Yannick Timmer ist Ökonom beim Internationalen Währungsfonds. Zuvor war er bei der Europäischen Zentralbank, der irischen Zentralbank und der Deutschen Bundesbank tätig. Er erhielt seinen Doktortitel im Jahr 2018 vom Trinity College Dublin. Capital hat Timmer 2019 unter Deutschlands Top 40 unter 40 gewählt.

Die Covid-19-Pandemie ist nicht nur eine Gesundheitskrise, sondern hat auch fatale Konsequenzen für die Weltwirtschaft. Als richtige Reaktion auf die Pandemie wurde die Wirtschaft in ein Koma versetzt und es gilt mittlerweile als sicher, dass sich die Weltwirtschaft in der größten Krise seit der Großen Depression befindet. Für die Geschwindigkeit in der Jobs verloren gegangen sind und die Wirtschaft eingebrochen ist, gibt es keinen Präzedenzfall in der modernen Geschichte. Der Internationale Währungsfonds (IWF) prognostiziert, dass 95 Prozent aller Länder das Jahr 2020 mit einer schwächeren pro Kopf Wirtschaftsleistung beenden werden als 2019 und die Weltwirtschaft um fast fünf Prozent schrumpft. Dies steht im Vergleich zu einem Rückgang von weniger als einem Prozent in der globalen Finanzkrise.

Obwohl Covid-19 ein globaler Schock ist, sind die ökonomischen Auswirkungen in den einzelnen Ländern sehr unterschiedlich spürbar. In entwickelten Ländern haben viele Beschäftigte die Möglichkeit im Homeoffice zu arbeiten. In Entwicklungsländern, wie zum Beispiel in kleinen Inselstaaten, die stark auf Tourismus angewiesen sind, besteht diese Möglichkeit meist nicht.

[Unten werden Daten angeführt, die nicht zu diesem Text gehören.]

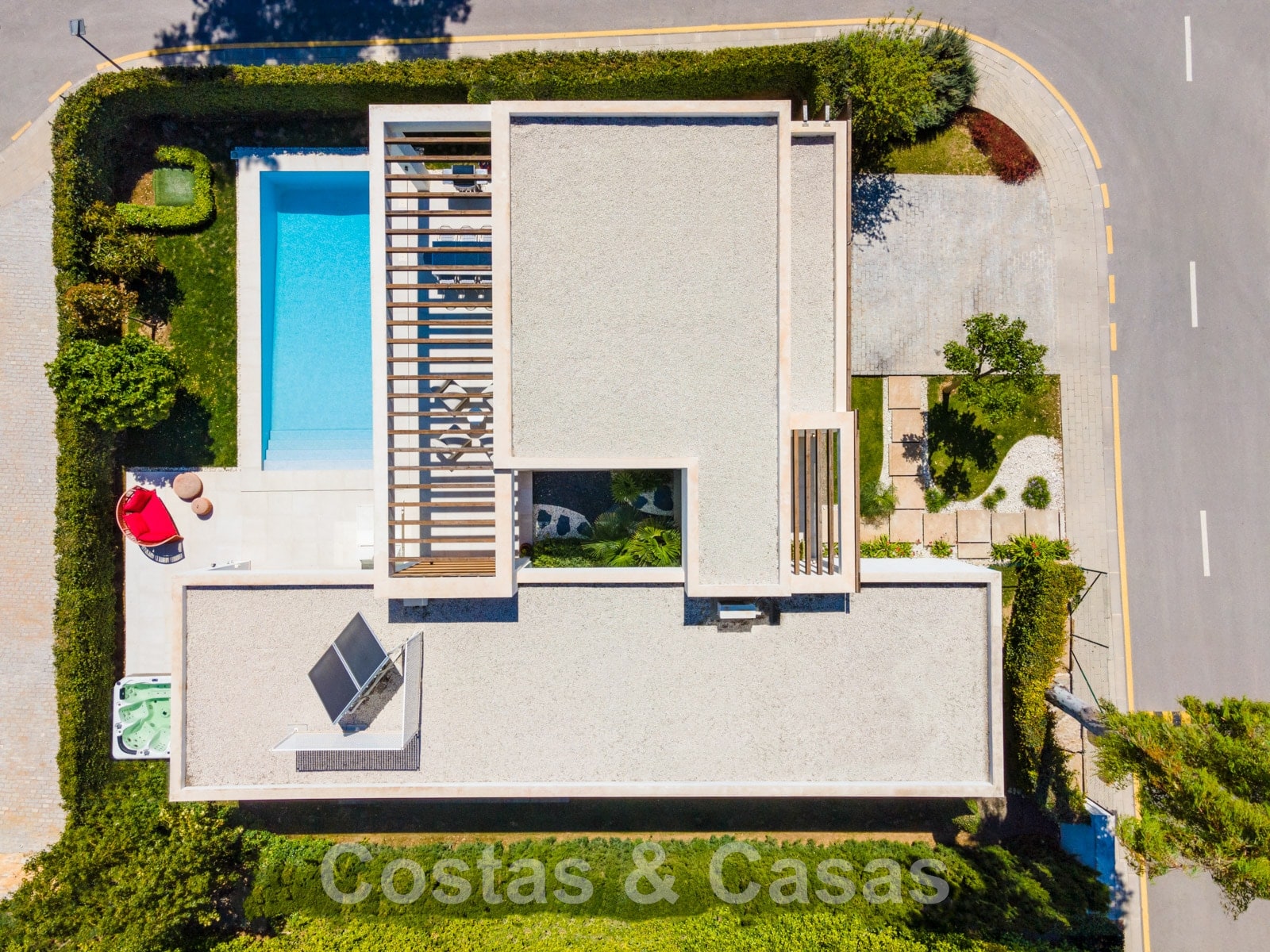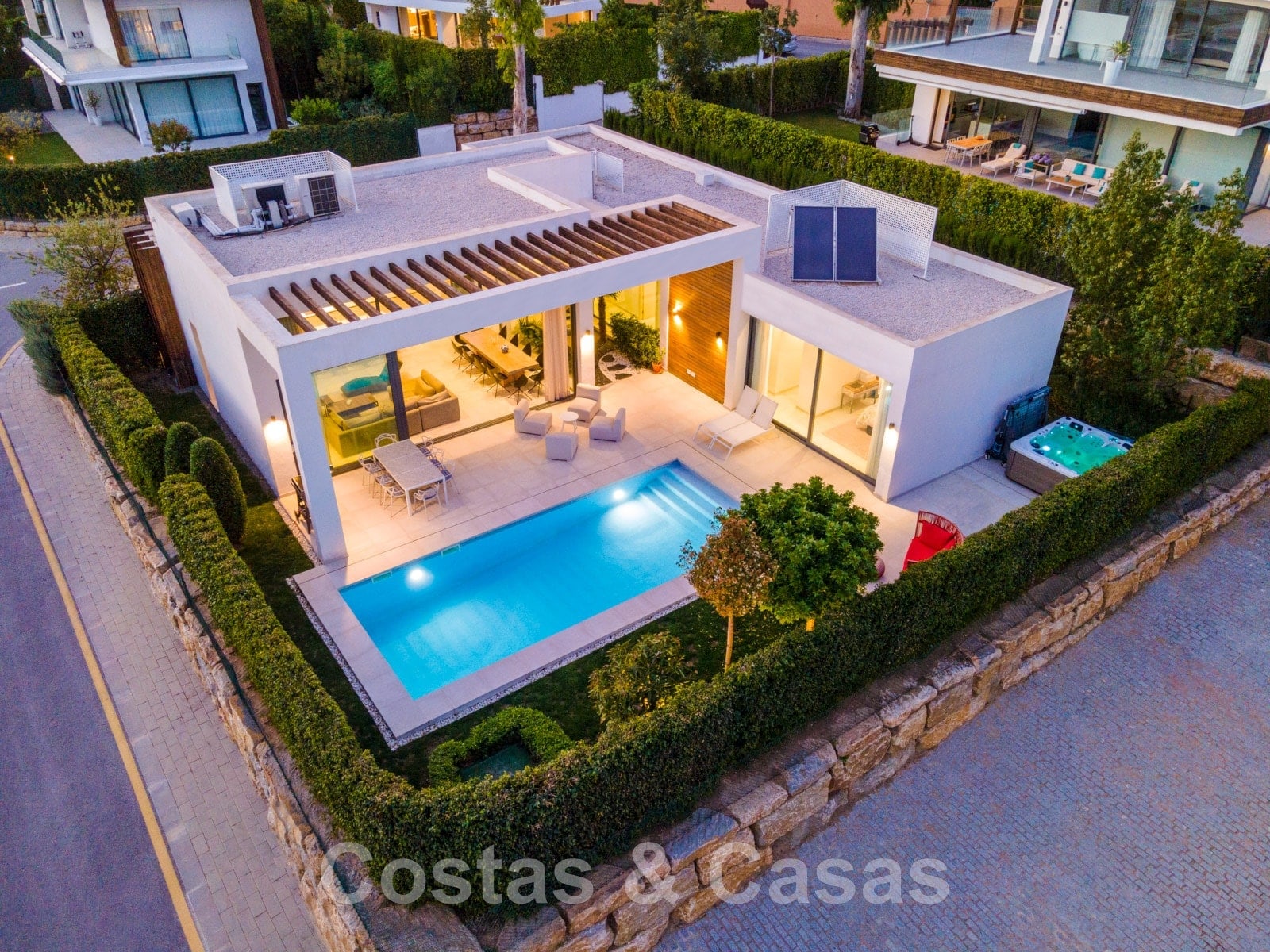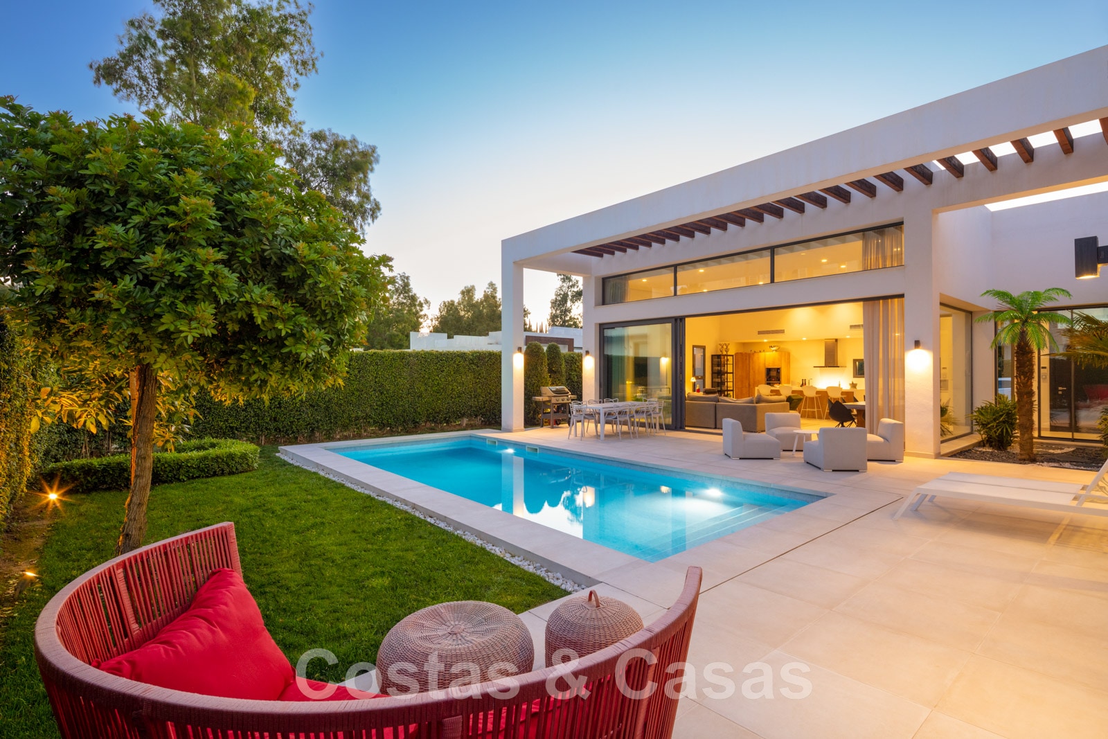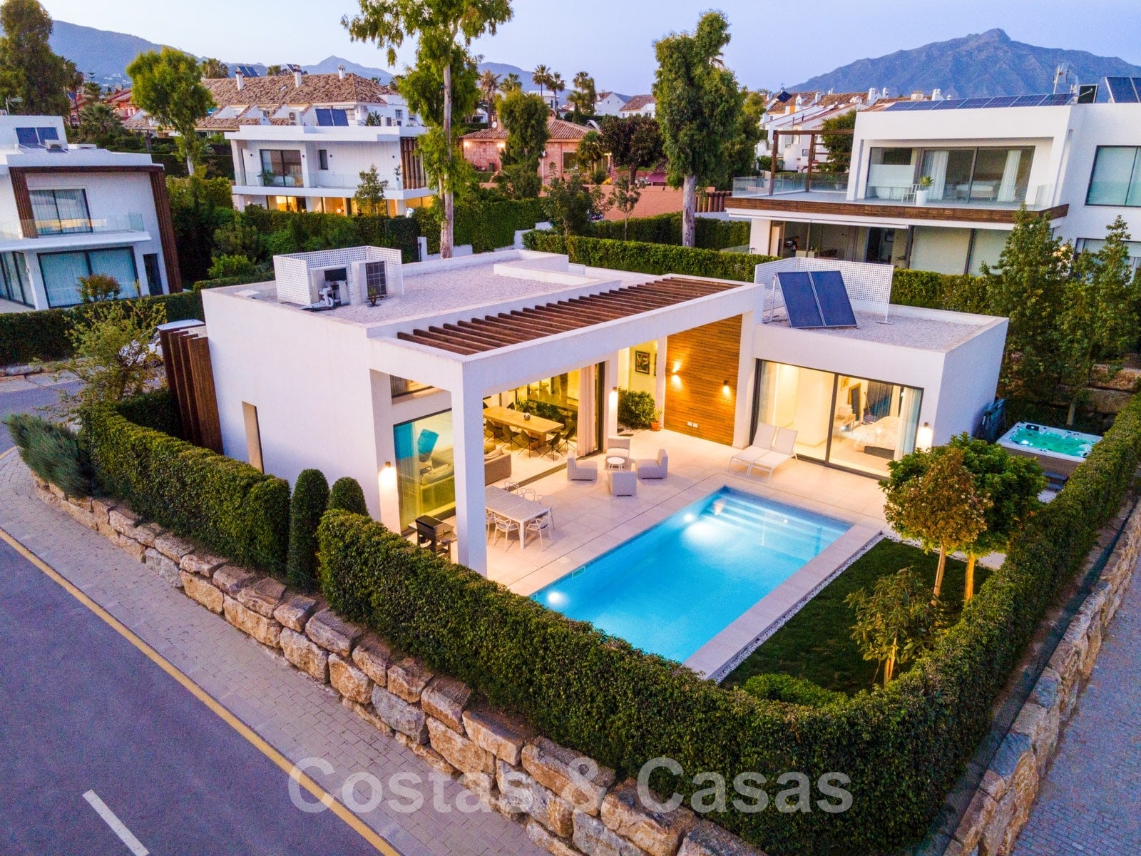 Située au calme dans un quartier résidentiel fermé au centre du New Golden Mile.

Auch Finanzkonditionen haben sich seit Ausbruch der Pandemie sehr unterschiedlich entwickelt. Deutschland hat eine niedrige Staatsschuldenquote und deutsche Staatsanleihen werden, wie die amerikanischen, als sicher angesehen. Und gerade deswegen, flüchten viele Investoren in unsicheren Zeiten aus risikoreicheren Anlagen, wie zum Beispiel Staatsanleihen von Entwicklungsländern, in deutsche oder amerikanische Staatsanleihen. Die niedrigen Finanzierungskosten und die Bereitschaft von Investoren Staatsdefizite zu finanzieren, ermöglichen somit diesen Ländern Fiskalpakete zu schnüren, die negative ökonomische Konsequenzen der Pandemie so weit wie möglich mildern.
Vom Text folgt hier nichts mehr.